1910 - 2009
Willy Ronis was a French photographer and a key figure within the humanist movement whose extraordinary body of work, amassed over the span of one century, crafted a vivid portrait of postwar and mid-twentieth century Paris, often reflecting his ardent leftist political leanings. Ronis was the first French photographer on staff at Life magazine, worked commercially in fashion and was published in Vogue, and for a period taught fine arts in Provence. He considered his legacy long before his actual death, curating his own career retrospective in the late '80s.

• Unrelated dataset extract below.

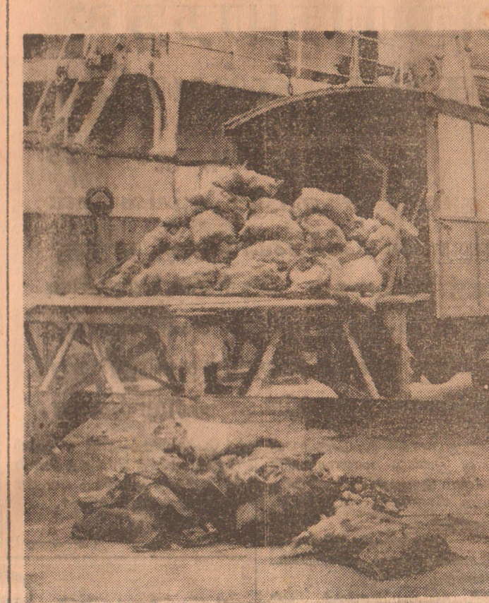
"நிக்நா" என்னும் சுப்பரில் வெள்களாயத் தட்டுப்பாட்டை நீக்கவந்ததால் வெளிமாடுகளி

கஸ்தெனிய, ஹல்பிட்டிய, ஆந்திரமட ஹிரிவாதுன்ன ஊடாக கரந்துபொன சந்தியை அடைந்து கொழும்பு - கண்டி வீதியில் செல்ல வேண்டும். ★ இதேபோன்று கண்டியிலிருந்து கொழும்பு வரும் சகல பஸ்களும், லொறிகளும் கரந்து பொன சந்தியில் திருப்பி விடப்படும். ரன்வலை சந்தியை அடைந்து கொழும்பு - கண்டி வீதி வழியை அடைந்து கொழும்பு - கண்டி வீதி வழியை அவை சென்றடைய வேண்டும். ★ மகாவலி அதிகார சபைக்குரிய சகல பாரிய வாகனங்களும் கொழும்பிலிருந்து கண்டி நோக்கிச் செல்லும் வழியில் அம்பேயுஸ்ல சந்தியில் குருநாகல் வழியாக திருப்பி விடப்படும். இதேபோன்று கொத்தலை, விக்டோரியா திட்டங்களிலிருந்து வரும் வாகனங்கள் பேராதனையிலும் கண்டியிலும் திருப்பி விடப்பட்டு குருநாகல் வழியாக கொழும்புக்குச் செல்ல அனுமதிக்கப்படும் (எ-ய)

Ronis shot in black and white, capturing the joys of everyday life and the innocence of children, with a particular penchant for love and romance: “Every time I encounter lovers," he said, "my camera smiles." In one shot that has since entered the Parisian canon, The Lovers of the Bastille (1957), a man whispers into the ear of a woman, stood on a terrace overlooking the Seine and the Eiffel Tower. Beauty and empathy were the cornerstones of his work, evident in every photograph Ronis took.
Ronis died in 2009, a few months short of a full century. He lived to see a career retrospective in Paris City Hall, in 2005; some half a million visitors were estimated to have attended. Ronis' self-curated retrospective, titled Willy Ronis by Willy Ronis, was shown at the Carré de Baudouin in 2018. His massive body of work contains over one hundred thousand negatives and prints, and since 2015 the Belvédère Willy-Ronis in Paris has been named in his honour. He continues to be published globally, and is universally recognised as one of the greatest and most enduring photographic artists of the twentieth century.